What needs to be done: Exact copy, pictures excluded: please retype every record below.

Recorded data

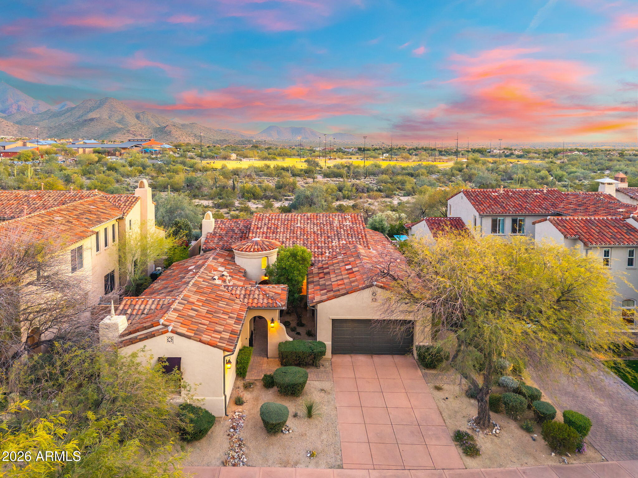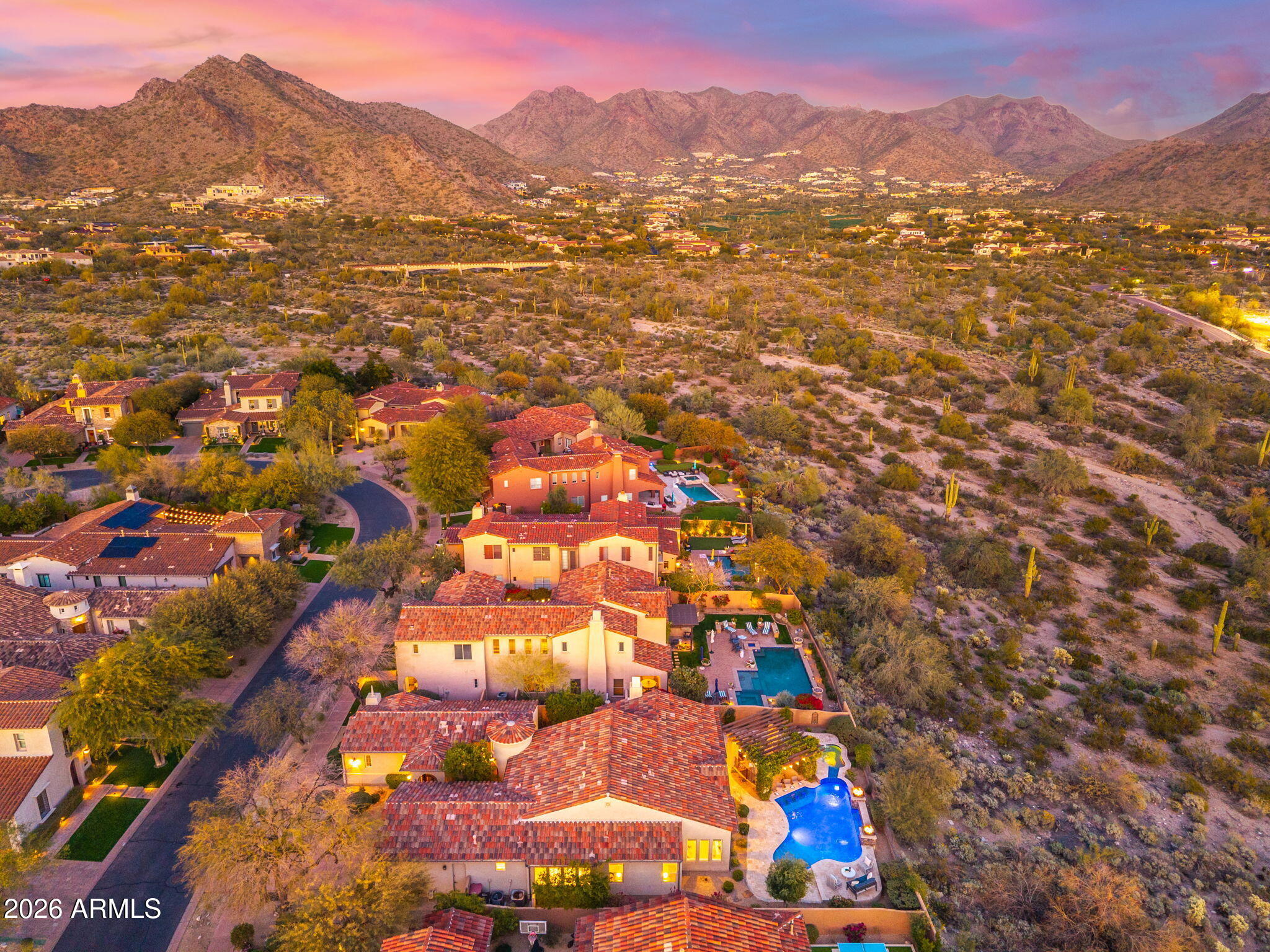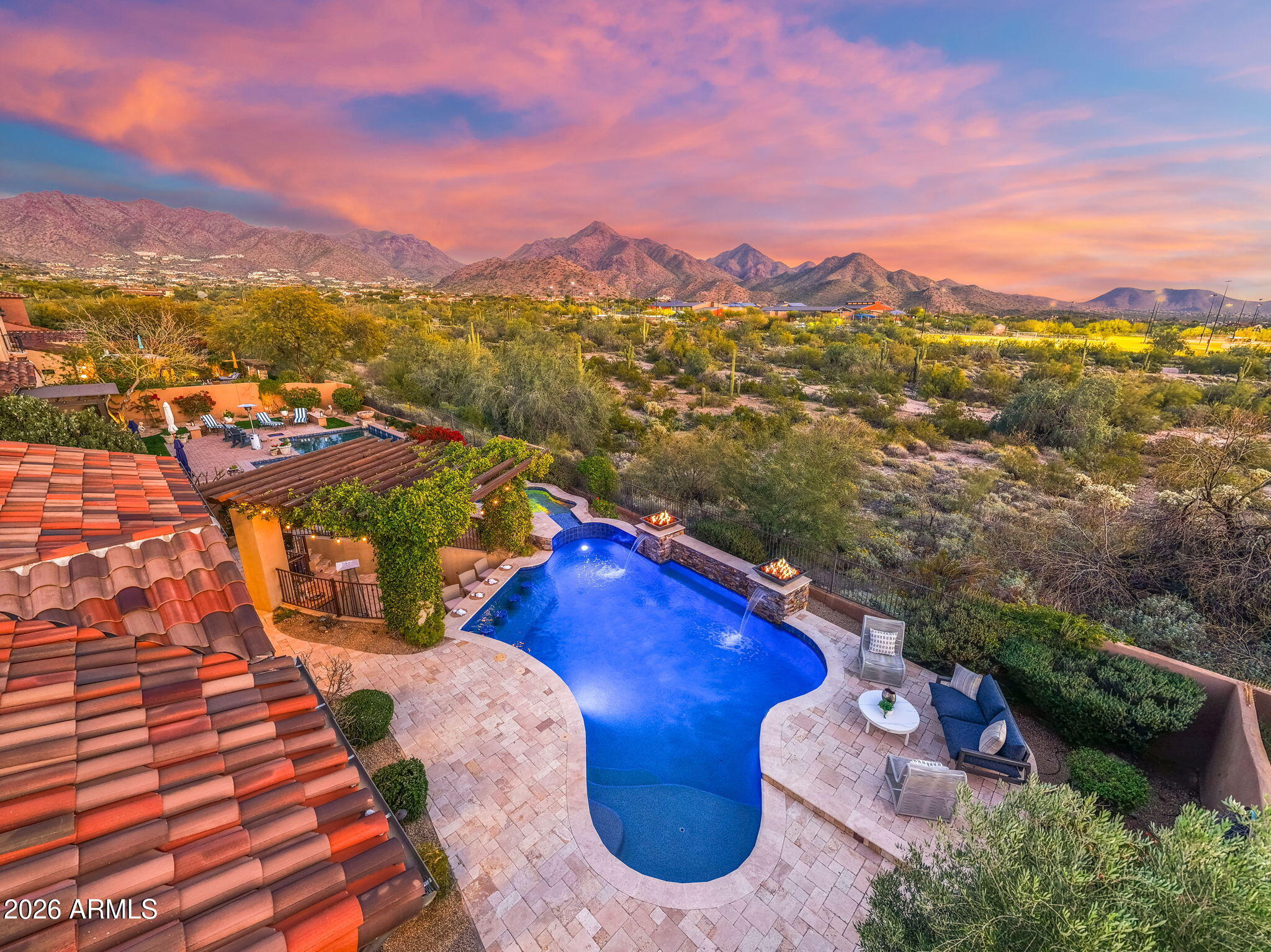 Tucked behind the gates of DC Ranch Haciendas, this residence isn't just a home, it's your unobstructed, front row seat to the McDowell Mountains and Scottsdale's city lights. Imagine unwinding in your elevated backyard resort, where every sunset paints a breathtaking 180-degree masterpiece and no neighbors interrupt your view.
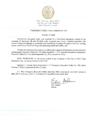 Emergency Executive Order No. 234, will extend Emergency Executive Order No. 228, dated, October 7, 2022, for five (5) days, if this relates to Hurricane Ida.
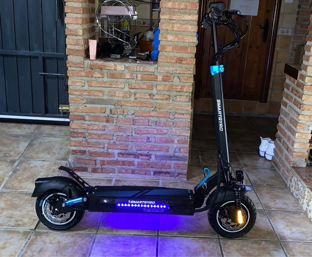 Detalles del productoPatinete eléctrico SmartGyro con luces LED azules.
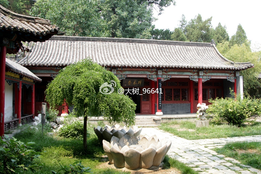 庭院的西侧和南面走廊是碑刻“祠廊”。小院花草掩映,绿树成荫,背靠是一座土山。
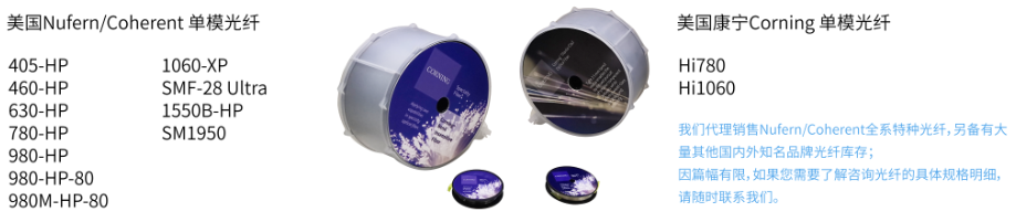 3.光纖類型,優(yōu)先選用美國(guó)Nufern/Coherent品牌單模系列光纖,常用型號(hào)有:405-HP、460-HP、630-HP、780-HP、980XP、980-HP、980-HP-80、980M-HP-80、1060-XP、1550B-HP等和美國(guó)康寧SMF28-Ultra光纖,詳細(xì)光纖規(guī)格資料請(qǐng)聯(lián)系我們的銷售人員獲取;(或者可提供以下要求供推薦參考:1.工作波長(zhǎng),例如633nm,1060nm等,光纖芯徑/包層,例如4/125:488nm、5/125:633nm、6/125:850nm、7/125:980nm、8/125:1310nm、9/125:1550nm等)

Result for this exercise:
 Tucked behind the gates of DC Ranch Haciendas, this residence isn't just a home, it's your unobstructed, front row seat to the McDowell Mountains and Scottsdale's city lights. Imagine unwinding in your elevated backyard resort, where every sunset paints a breathtaking 180-degree masterpiece and no neighbors interrupt your view.
 Emergency Executive Order No. 234, will extend Emergency Executive Order No. 228, dated, October 7, 2022, for five (5) days, if this relates to Hurricane Ida.
 Detalles del productoPatinete eléctrico SmartGyro con luces LED azules.
 庭院的西侧和南面走廊是碑刻“祠廊”。小院花草掩映,绿树成荫,背靠是一座土山。
 3.光纖類型,優(yōu)先選用美國(guó)Nufern/Coherent品牌單模系列光纖,常用型號(hào)有:405-HP、460-HP、630-HP、780-HP、980XP、980-HP、980-HP-80、980M-HP-80、1060-XP、1550B-HP等和美國(guó)康寧SMF28-Ultra光纖,詳細(xì)光纖規(guī)格資料請(qǐng)聯(lián)系我們的銷售人員獲取;(或者可提供以下要求供推薦參考:1.工作波長(zhǎng),例如633nm,1060nm等,光纖芯徑/包層,例如4/125:488nm、5/125:633nm、6/125:850nm、7/125:980nm、8/125:1310nm、9/125:1550nm等)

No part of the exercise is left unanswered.